La Biblia. Traducción del hebreo y del griego: Bernardo Hurault y Ramón Ricciardi. Madrid: Edición Pastoral, Editorial Verbo Divino, 1995.

Cervantes, Miguel de. Don Quijote de la Mancha. México D.F.: Edición del IV Centenario, RAE, 2004.

Heródoto. Historia. Libro III, 18. Manuel Balasch, traductor. Madrid: Cátedra, sexta edición, 2008.

Liern, Rafael María. La almoneda del diablo. Madrid: Imprenta de Cristóbal González, 1864. (Reproducción facsimilar consultada en PDF, por medio de Internet Archive).

Mañón, Manuel.
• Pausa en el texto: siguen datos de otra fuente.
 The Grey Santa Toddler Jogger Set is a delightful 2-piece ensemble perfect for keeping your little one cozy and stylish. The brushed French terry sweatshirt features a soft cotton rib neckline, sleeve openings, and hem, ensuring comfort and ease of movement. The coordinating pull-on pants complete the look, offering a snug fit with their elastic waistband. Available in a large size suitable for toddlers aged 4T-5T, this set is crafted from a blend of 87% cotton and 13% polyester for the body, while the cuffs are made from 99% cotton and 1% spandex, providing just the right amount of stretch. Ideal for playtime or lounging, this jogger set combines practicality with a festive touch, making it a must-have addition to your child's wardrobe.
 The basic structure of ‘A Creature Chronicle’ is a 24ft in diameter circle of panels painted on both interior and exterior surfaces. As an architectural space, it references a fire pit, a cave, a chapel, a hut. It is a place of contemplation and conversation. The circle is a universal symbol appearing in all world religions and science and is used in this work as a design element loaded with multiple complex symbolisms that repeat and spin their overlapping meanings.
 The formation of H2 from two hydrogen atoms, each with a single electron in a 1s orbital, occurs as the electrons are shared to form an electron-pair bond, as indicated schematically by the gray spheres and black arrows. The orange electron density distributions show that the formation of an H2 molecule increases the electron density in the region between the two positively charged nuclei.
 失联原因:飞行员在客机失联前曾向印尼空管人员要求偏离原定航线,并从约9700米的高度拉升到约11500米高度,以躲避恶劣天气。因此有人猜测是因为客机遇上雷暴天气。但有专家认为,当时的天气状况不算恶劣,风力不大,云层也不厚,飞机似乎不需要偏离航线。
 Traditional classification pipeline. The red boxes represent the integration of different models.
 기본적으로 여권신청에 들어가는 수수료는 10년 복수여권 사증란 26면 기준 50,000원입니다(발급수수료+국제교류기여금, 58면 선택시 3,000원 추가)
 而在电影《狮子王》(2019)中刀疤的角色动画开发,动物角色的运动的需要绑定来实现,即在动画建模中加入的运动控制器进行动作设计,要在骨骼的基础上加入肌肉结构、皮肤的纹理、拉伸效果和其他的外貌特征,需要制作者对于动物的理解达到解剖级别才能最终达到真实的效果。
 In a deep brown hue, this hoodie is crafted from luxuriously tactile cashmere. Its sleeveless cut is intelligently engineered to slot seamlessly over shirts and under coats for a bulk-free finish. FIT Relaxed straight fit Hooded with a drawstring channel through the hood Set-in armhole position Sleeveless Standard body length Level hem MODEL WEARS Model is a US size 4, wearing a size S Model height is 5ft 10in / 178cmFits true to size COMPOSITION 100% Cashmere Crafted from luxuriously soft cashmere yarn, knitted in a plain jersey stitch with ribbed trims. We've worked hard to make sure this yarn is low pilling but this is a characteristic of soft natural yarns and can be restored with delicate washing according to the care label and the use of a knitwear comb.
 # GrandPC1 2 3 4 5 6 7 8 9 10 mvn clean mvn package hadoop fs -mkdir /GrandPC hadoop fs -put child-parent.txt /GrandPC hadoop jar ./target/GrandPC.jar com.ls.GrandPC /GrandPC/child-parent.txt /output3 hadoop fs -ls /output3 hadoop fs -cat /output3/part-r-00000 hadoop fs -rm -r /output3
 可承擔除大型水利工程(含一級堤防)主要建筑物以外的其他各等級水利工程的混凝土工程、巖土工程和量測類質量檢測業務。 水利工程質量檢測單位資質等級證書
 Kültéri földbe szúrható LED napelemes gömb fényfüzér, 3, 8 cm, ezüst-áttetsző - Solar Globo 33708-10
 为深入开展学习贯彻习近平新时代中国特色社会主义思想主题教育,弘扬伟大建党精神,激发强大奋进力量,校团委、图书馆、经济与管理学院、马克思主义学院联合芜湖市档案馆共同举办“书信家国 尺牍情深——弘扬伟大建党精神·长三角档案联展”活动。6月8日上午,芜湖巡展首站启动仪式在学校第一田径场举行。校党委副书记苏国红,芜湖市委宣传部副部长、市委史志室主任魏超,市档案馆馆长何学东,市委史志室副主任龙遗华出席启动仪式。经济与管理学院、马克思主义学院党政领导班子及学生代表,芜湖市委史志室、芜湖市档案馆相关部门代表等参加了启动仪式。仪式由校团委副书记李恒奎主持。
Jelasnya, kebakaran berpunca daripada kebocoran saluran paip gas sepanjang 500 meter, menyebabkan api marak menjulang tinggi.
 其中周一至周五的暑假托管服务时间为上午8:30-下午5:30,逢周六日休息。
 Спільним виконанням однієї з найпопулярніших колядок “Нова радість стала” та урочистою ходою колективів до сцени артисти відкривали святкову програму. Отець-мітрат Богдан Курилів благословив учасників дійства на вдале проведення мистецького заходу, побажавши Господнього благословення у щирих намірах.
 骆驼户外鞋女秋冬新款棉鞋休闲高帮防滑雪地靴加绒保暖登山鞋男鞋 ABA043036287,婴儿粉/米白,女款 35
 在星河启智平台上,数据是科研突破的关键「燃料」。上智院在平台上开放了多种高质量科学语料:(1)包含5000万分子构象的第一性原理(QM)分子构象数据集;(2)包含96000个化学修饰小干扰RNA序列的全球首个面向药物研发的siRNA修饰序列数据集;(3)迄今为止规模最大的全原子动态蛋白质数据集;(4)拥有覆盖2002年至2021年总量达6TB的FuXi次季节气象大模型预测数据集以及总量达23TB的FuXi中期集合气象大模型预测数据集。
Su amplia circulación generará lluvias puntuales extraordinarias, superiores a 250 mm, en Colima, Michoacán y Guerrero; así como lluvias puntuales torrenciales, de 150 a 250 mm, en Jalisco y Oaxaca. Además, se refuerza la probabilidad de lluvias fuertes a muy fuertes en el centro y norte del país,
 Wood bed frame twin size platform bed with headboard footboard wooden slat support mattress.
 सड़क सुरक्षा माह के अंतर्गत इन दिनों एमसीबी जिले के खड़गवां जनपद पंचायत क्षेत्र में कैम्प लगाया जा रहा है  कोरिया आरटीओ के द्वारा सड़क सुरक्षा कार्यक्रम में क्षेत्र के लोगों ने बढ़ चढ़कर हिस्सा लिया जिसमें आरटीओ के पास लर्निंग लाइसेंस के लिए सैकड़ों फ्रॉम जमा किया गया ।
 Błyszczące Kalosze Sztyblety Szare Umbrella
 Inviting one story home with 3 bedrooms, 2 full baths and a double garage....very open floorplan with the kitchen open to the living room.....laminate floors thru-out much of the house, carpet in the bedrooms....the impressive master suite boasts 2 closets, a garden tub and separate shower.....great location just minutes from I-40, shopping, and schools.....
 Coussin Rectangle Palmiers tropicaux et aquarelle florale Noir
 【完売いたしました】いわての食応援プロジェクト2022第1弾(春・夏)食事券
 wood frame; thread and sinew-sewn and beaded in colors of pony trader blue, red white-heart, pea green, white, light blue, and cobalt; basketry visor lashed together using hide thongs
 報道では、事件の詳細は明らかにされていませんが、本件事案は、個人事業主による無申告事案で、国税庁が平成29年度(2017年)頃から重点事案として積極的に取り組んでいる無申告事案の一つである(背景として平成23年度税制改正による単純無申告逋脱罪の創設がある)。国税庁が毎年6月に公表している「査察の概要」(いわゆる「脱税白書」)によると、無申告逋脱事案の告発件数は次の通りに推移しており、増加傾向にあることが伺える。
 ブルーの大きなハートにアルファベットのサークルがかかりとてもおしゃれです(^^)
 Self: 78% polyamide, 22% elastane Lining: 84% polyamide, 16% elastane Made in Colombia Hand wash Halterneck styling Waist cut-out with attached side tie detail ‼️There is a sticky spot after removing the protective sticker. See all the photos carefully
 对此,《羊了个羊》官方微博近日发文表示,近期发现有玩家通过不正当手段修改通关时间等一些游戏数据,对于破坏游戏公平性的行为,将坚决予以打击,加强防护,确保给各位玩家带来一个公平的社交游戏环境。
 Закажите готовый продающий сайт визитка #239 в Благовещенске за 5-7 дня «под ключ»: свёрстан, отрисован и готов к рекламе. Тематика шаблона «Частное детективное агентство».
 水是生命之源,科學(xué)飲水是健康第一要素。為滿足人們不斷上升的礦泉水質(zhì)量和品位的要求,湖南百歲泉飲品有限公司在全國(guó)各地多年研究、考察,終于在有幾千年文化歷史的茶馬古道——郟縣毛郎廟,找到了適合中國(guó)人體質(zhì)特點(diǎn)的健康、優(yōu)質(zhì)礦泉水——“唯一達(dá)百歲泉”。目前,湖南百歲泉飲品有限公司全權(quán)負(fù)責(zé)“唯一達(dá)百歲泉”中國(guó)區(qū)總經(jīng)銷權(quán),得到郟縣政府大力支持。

Historia del Viejo Gran Teatro Nacional de México (1841-1901). Tomo I. México, D.F.: Coedición del CONACULTA y el INBA, 2009.

Molina, Tirso de. El vergonzoso en palacio. El condenado por desconfiado. El burlador de Sevilla. La prudencia de la mujer. México, D.F.: Porrúa. Sepan Cuantos, 1968.

Yourcenar, Marguerite. Mémoires d’Hadrien. París: Gallimard, 1974.